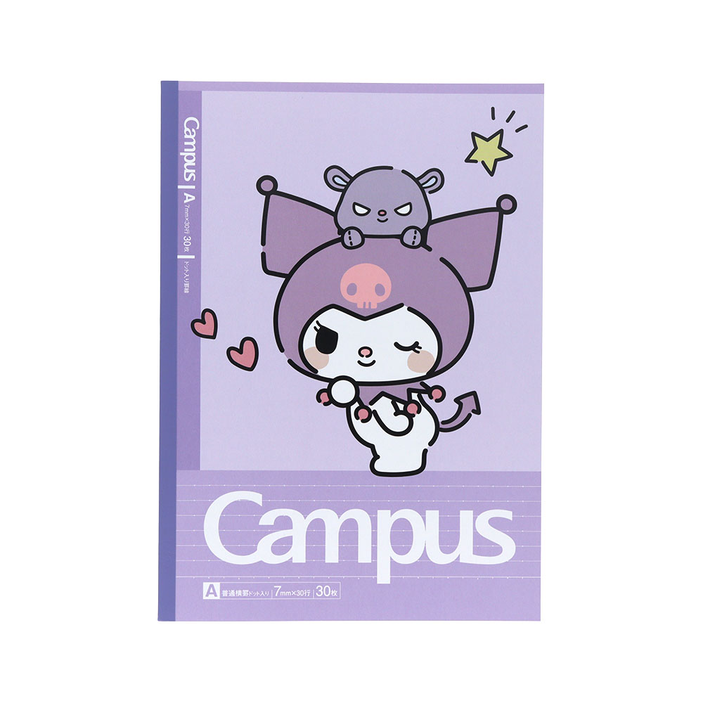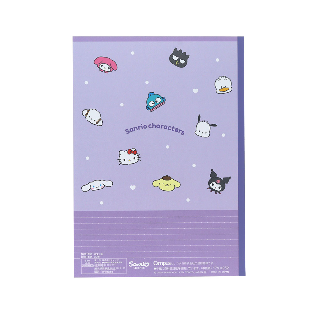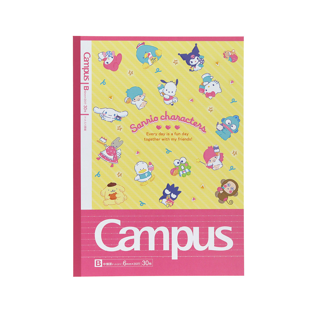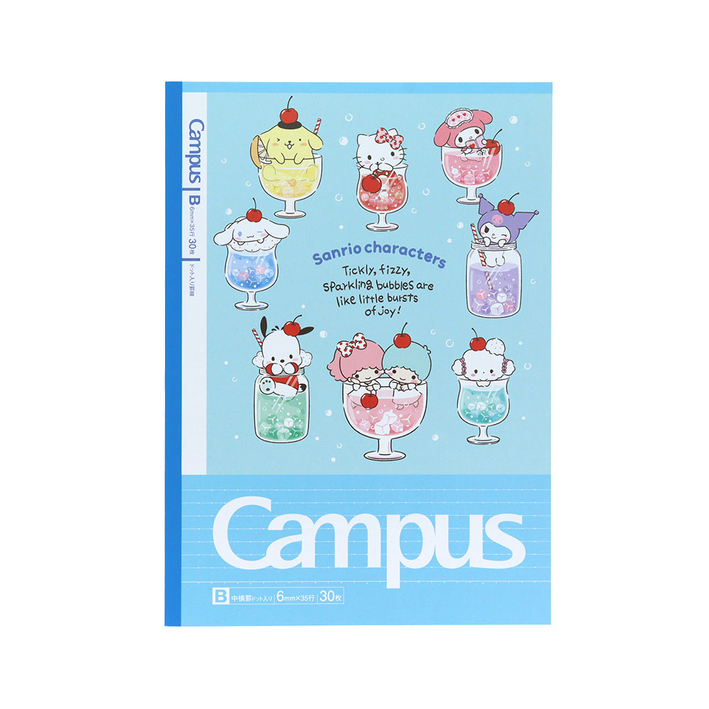 ドットの入った罫線が便利なキャンパスノートドットの5冊パックに、「サンリオキャラクターズ」があしらわれたデザインが登場。
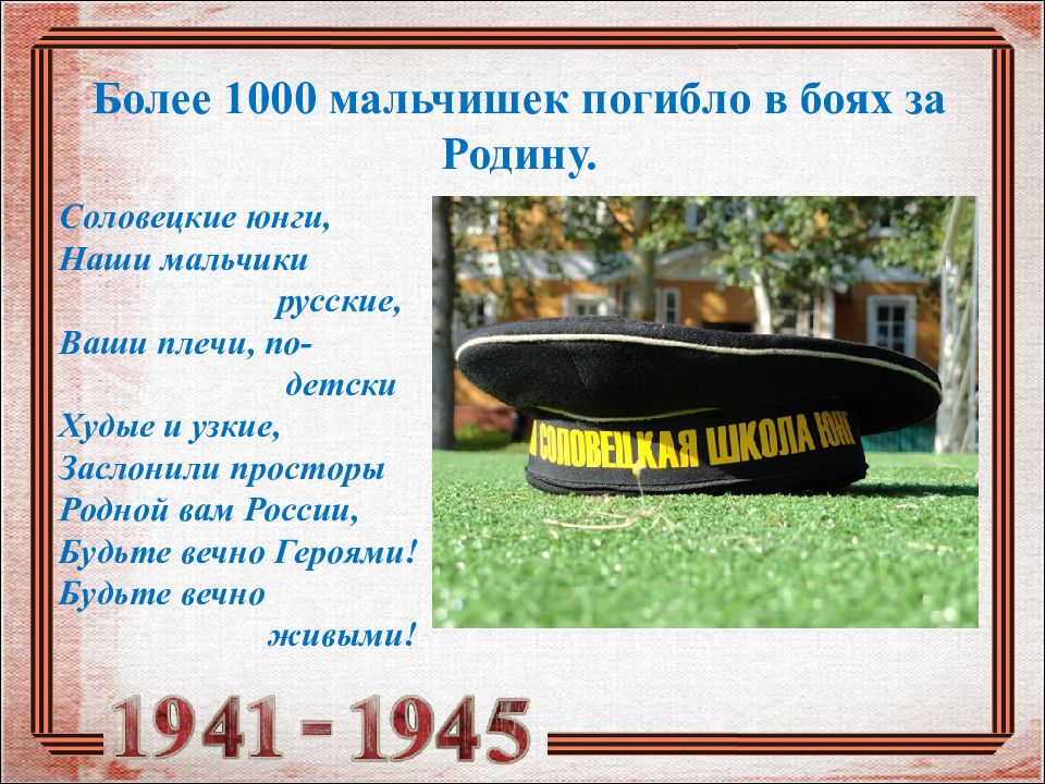 Слайд 18: Более 1000 мальчишек погибло в боях за Родину
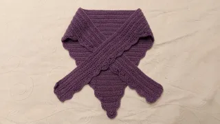 Preciosa toquilla tejida a mano, perfecta para abrigar a las más pequeñas. Su diseño artesanal la hace única. Para niña de 4 a 5 años - Color morado. - Tejido de punto. - Adorno de ondas en los bordes. -Medidas aproximadas son 120 cm de lado a lado y 42 cm de arriba a abajo.
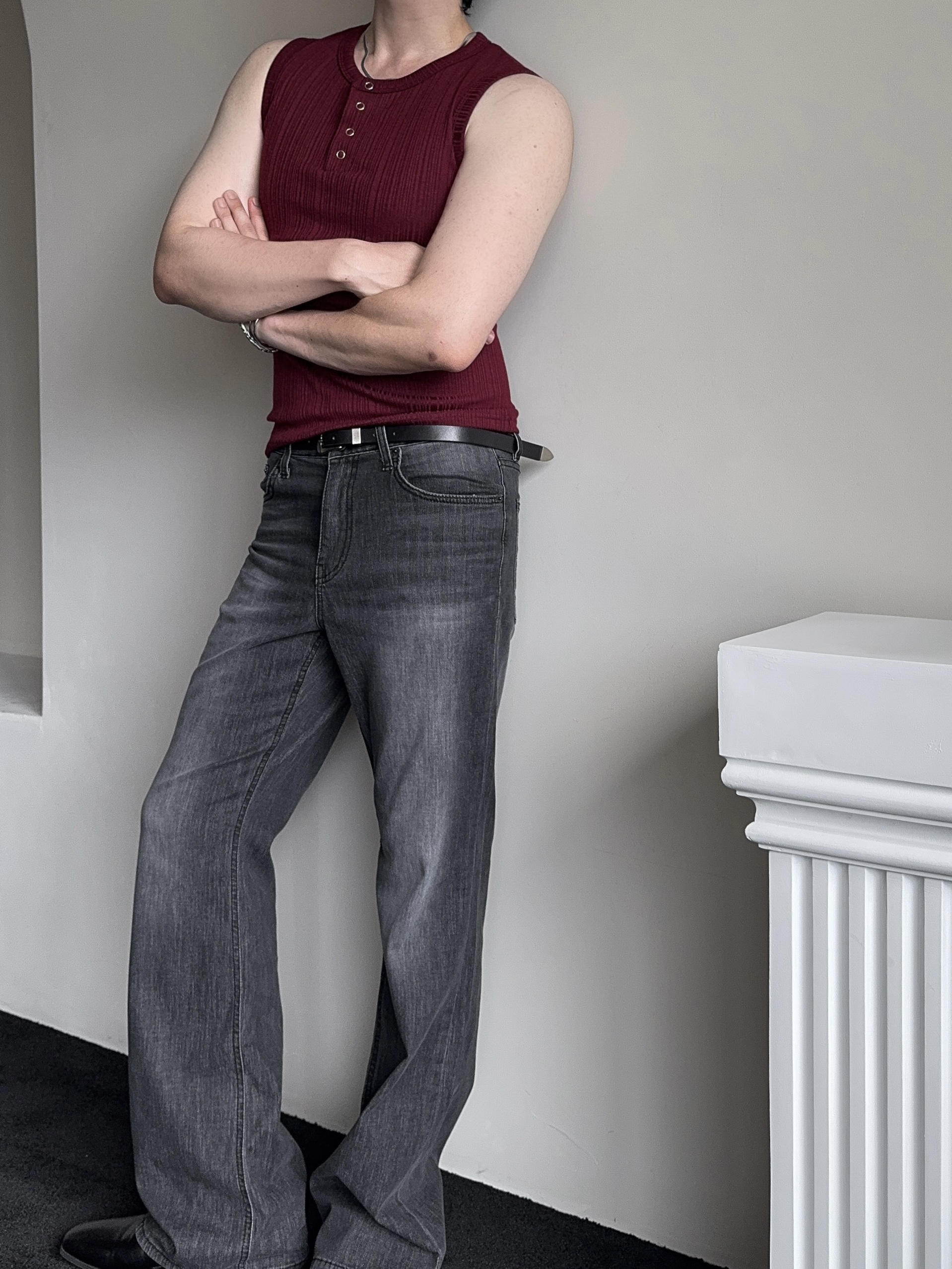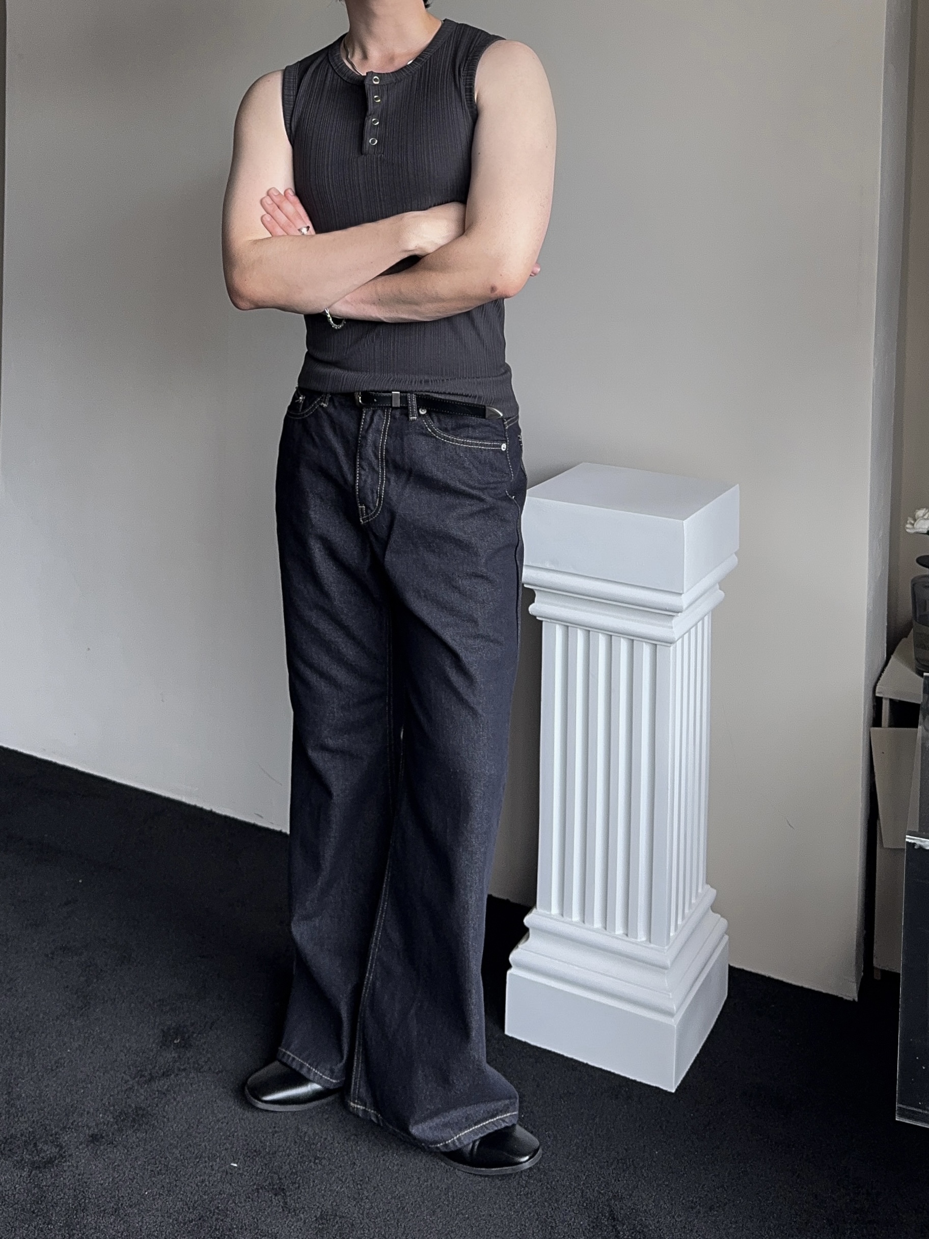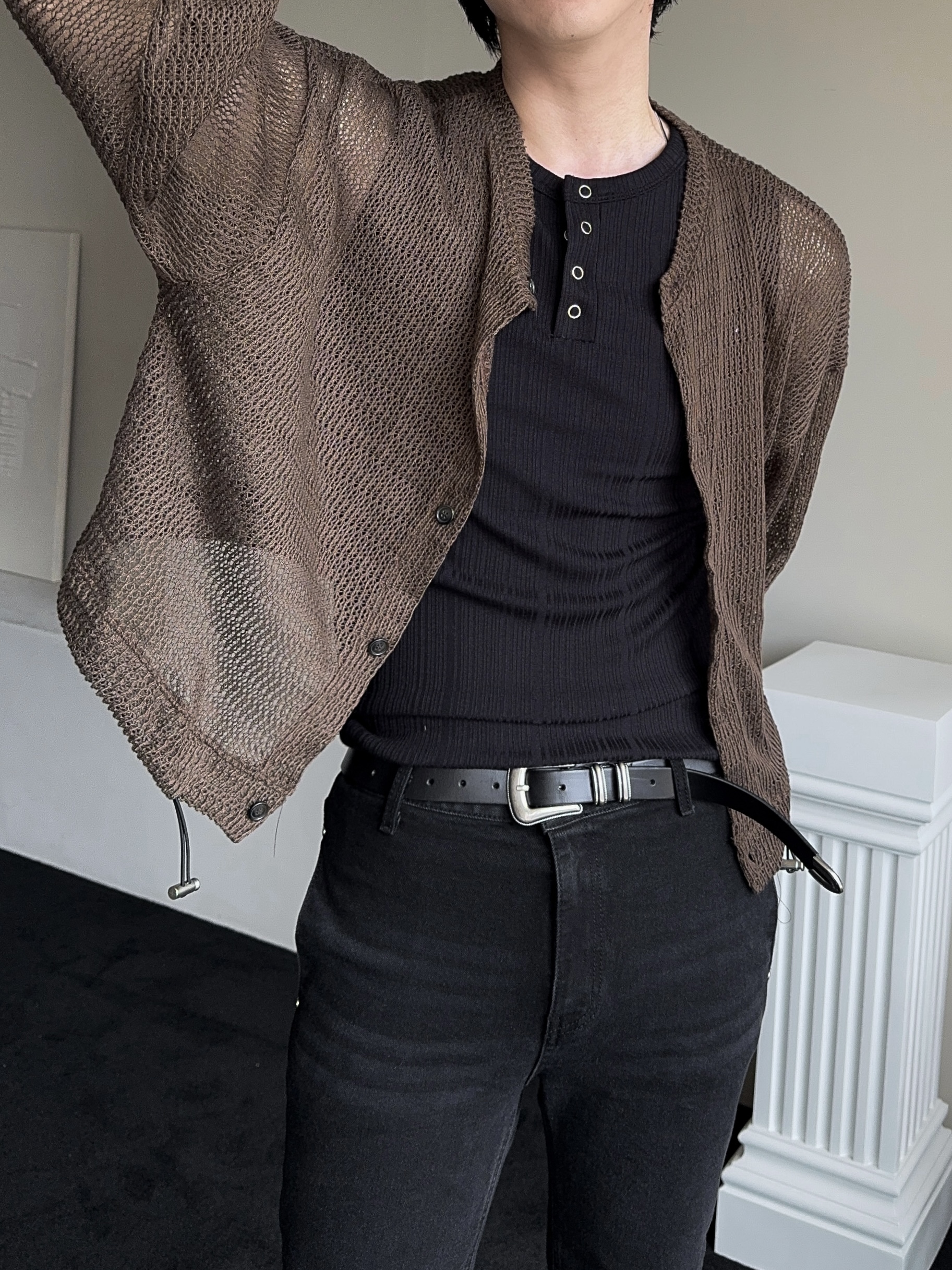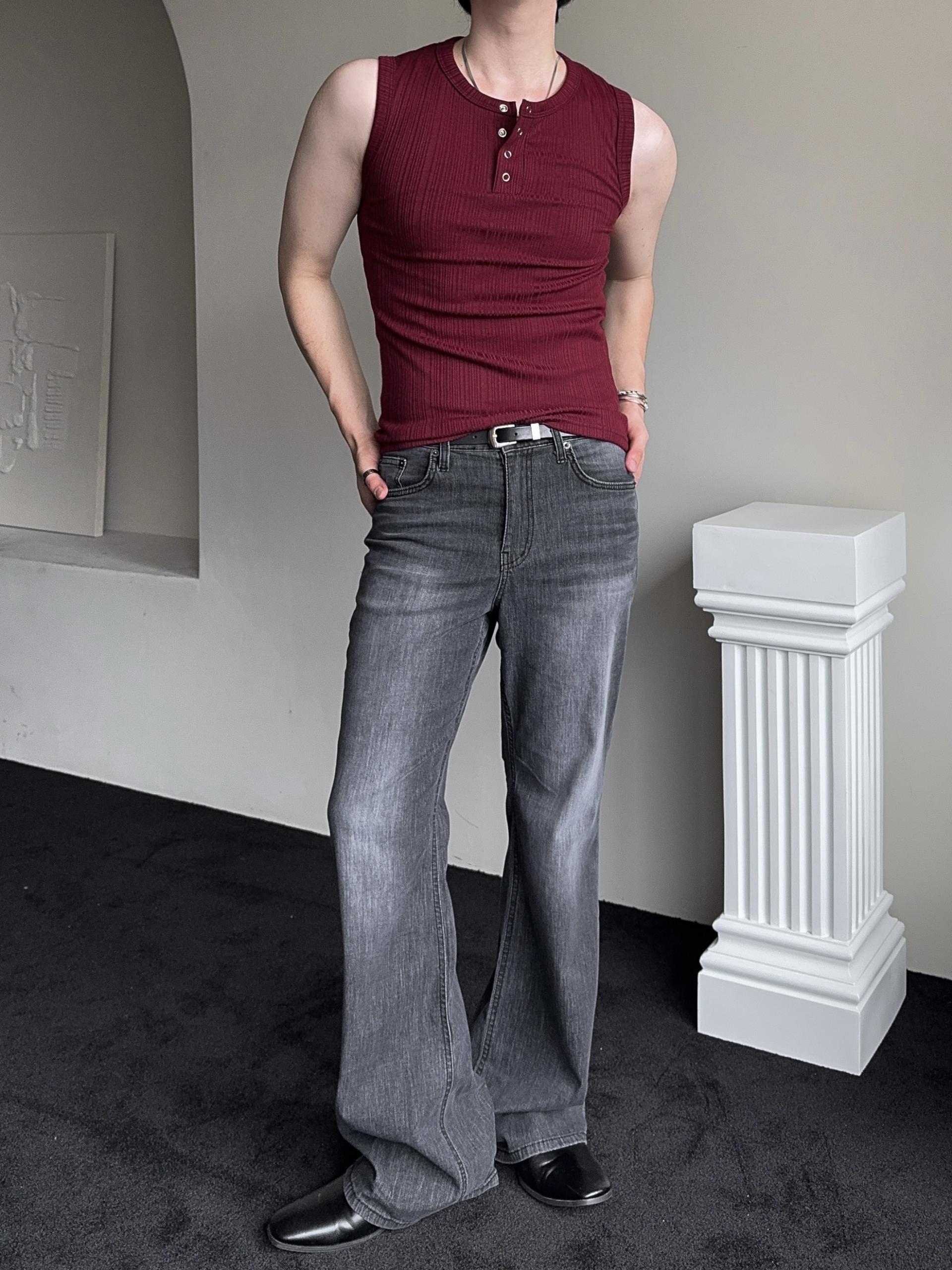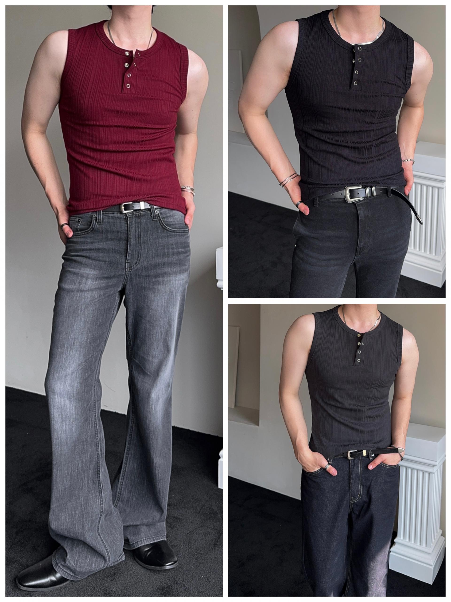 -얇은 골지 소재로 제작된 헨리넥 나시 티셔츠
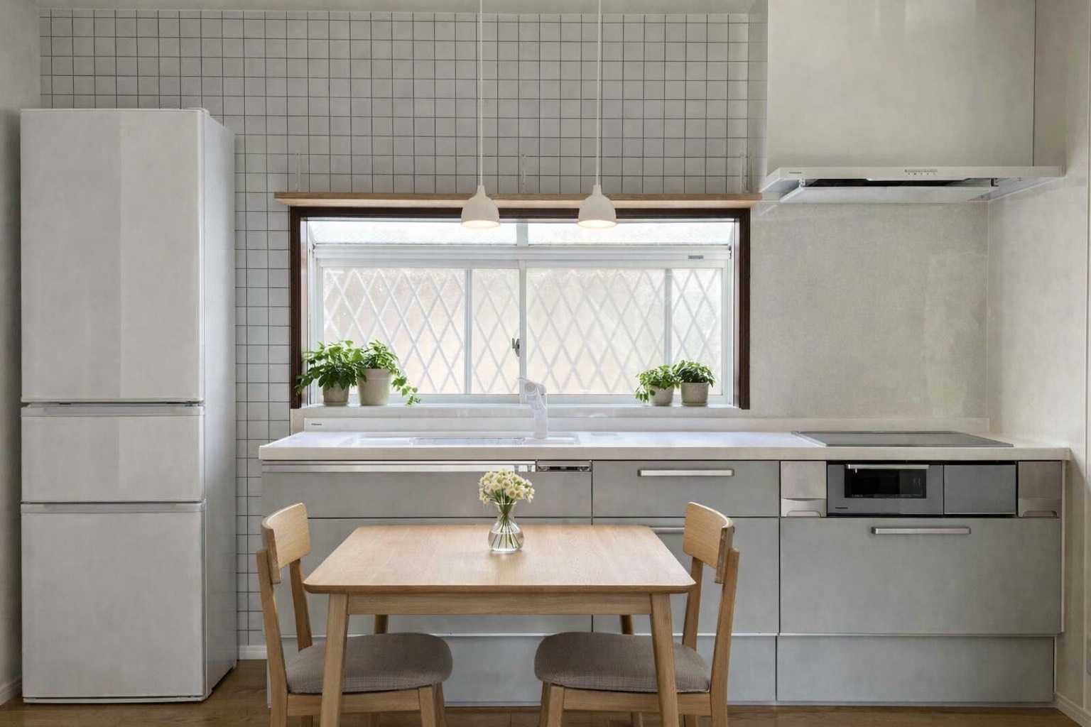 キッチンはペールグリーンを基調に、タイル調のクロスを合わせました。このカラーはご夫婦のお気に入りの家具や小物ともよく調和し、キッチン全体に明るさと爽やかさをもたらしています。ペールグリーンの柔らかな色味が、落ち着いた空間を演出し、料理をする時間もより快適なものになります。

* _What you need to do_
Repeat exactly the lines from the one containing "-얇은 골지 소재로 제작된 헨리넥 나시 티셔츠" through the last line of the records above, both included, and leave out the pictures.

* _Expected output_
 -얇은 골지 소재로 제작된 헨리넥 나시 티셔츠
 キッチンはペールグリーンを基調に、タイル調のクロスを合わせました。このカラーはご夫婦のお気に入りの家具や小物ともよく調和し、キッチン全体に明るさと爽やかさをもたらしています。ペールグリーンの柔らかな色味が、落ち着いた空間を演出し、料理をする時間もより快適なものになります。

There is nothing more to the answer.